Can the Cubs break the other curse?
Ah, now it’s all clear to me.
I’d heard about how well the Cubs are doing this year. I used to follow baseball assiduously (see this), but since I’ve been in baseball recovery I hardly pay attention. But in addition to my history as a Red Sox fan who used to be steeped in the Red Sox lore of The Curse, I’m well aware of the sad and sorrowful history of the Cubs.
The two curses were/are of different types. For the Sox, it was an “always a bridesmaid” curse, in which they typically had good teams and came close, year after year, only to lose in some newly creative and increasingly heartbreaking way. The Cubs, on the other hand, have pretty much been uniformly bad.
But this year, there’s hope.
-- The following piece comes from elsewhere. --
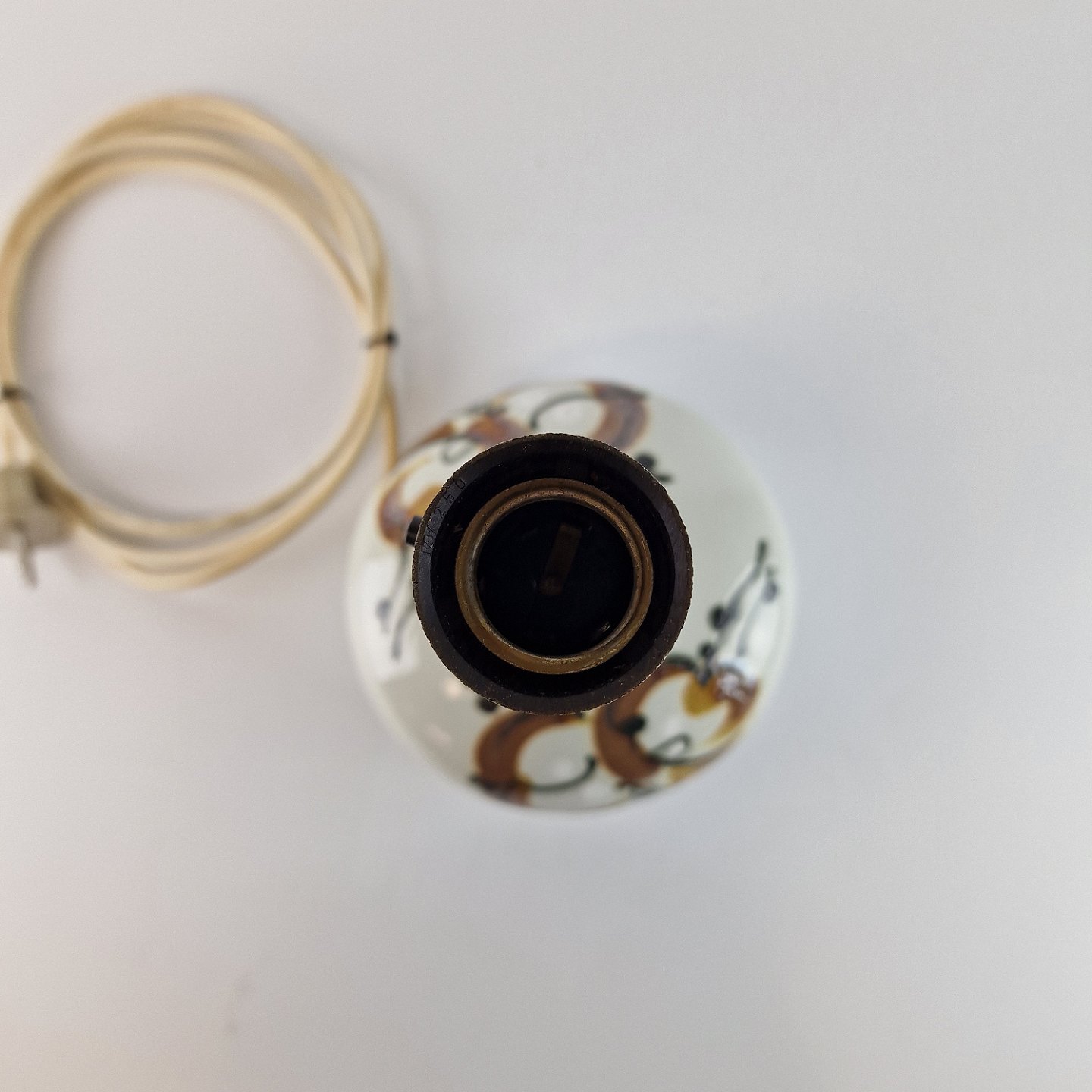 Bordlampe af fajance med dekoration i gule og brune farver. Nr. 680/3706

The Cubs are about to play in the National League Championships for the first time in twelve years. They haven’t played in a World Series since 1945, and haven’t won one since 1908. That’s a while.
What I didn’t know until yesterday was that Theo Epstein, the man who at a very young age was instrumental in building the Red Sox team that finally ended the Curse, has been President of Baseball Operations for the Cubs since 2011.
Guy’s a baseball genius, obviously. But we already knew that.
Go Cubs!
And the Cubs are now owned by the Ricketts family of Omaha.
Genius manager. Cy Young winner as number 1 pitcher. Rest of the pitching staff is good. And very good young hitters.
If not this year, soon.
“Cubs win World Series… against Miami?!”
Cornhead:
That’s what they always say. I know. I became a Red Sox fan in 1975.
As a Chicagoan born in Bronzeville whose mother works at UIC hospital, former grounds of West Side Park where the Cubs won back-to-back World Series (which was a looong time ago), I dearly hope so.
After losing politically in the past few years and after helping give America Obama (I voted for him in 2008 – I cried when he was elected), I just want something good to happen. Like actually something good.
And Epstein. Yep. The (young) man’s a baseball managing “stud.” The Cubs got a good one.
GRA:
At least you didn’t vote for him in 2012 (I take it that you didn’t, anyway).
I am very suspicious, reflexively, of the very young to whom great accomplishments are attributed. Like Epstein. It is almost as if they were pulled from a cradle, and crowned. Who really knows what and how he did as a young GM? And why would a team owner empower the very young?
The GM is obviously not the coach.
GMs to my mind are like the ADs at universities. But the Duke AD does nothing to make Coach K a better coach, or the Dukies a better team, other than to stay the hell out of the way and keep raising the monies from contributors. The same is doubtless true at all other universities with successful athletic programs.
Frog:
All Theo has done is win. Go with it. He’s a genius.
Schwarber, 22 years old. Bryant, 23. Soler, 22. Baez, 22. Castro, 25 (is that all?). Rizzo, 26, Russell, 21.
Contracts tie these position players to the Cubs through 2020 or so. All thanks to Theo. If not now (this wasn’t supposed to happen until next year in “the plan”, but Theo made the move for Lester and Maddon this past winter, and the rest is history…) then soon.
Go Cubs Go!!
I like seeing a sports post here! Don’t really care about the Cubs, I’m a Rockies fan. We don’t even have a curse to blame it on, we just suck. That said, it would be fun to see the Billy Goat curse broken, as it was the see the Curse of the Bambino broken.
As a northside Chicagoan (I only lived in Virginia for about 30+ years) I relate to those other Chicagoans who remind themselves that any team can have a bad century.
Too superficial, Cornhead.
All Obama did was win, too.
If life were only baseball!
I have not been a fan of any particular team since the 70s, I just like to watch good ball games. I stream MLB games and have been delighted by the cubs all season. Beating the cards in the play off was not just good baseball, it was great baseball. I hope they make it to the world series. GO CUBS!
GO CUBBIES!
It was predicted in the movie….Back to The Future!!!
Wendy, too funny, it really was!!!!!
Those who are interested in baseball history might be interested in reading The Original Curse: Did the Cubs Throw the 1918 World Series to Babe Ruth’s Red Sox and Incite the Black Sox Scandal?
I found it of interest that one of my uncles by marriage had the same hometown of Elkhart, Illinois as Jake Stahl, who managed the Red Sox to a World Series victory in 2012, Fenway Park’s first season.